В коридоре он прошел мимо высокого зеркала, но ему не удалось увидеть в нем свое отражение. Может, оно было повешено с наклоном или он опоздал взглянуть в него, но, как бы то ни было, он все же удивился: будто по коридору вместо самого Ротаридеса прошествовал его дух, а может, после того злополучного нападения он превратился в упыря и зеркала его уже не отражают.

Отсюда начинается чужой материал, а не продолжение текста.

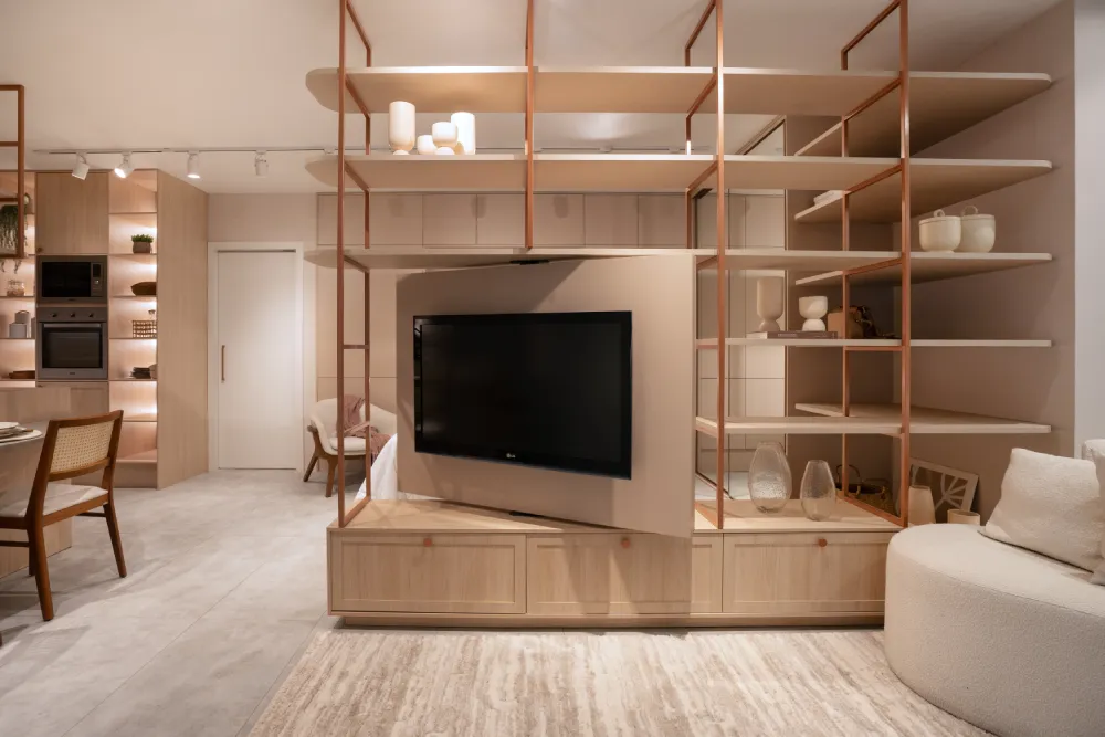 Por exemplo, estantes sob medida podem servir como divisórias, separando a área de estar do espaço de trabalho. Camas com gavetas embutidas e mesas dobráveis são outras soluções que ajudam a maximizar o uso do espaço, mantendo o ambiente organizado e funcional.

Несколько ступенек, застланных толстой плюшевой дорожкой, вывели его в просторный холл, но не успел он оглядеться, как его озарил мерцающий свет и чей-то хриплый голос кровожадно гаркнул:

— Ага-а-а-а!

Западня! — мгновенно сообразил Ротаридес. Заманила меня в дом, сейчас набросятся, свяжут и вызовут общественную безопасность. Он замер, инстинктивно сжавшись и втянув голову в плечи в ожидании удара.

— Что с вами? — обратилась к нему женщина; он услышал, что она смеется тихим, добродушным смехом без тени насмешки.

Он поднял глаза и прямо перед собой увидел экран телевизора, на котором суматошно мелькали какие-то фигуры.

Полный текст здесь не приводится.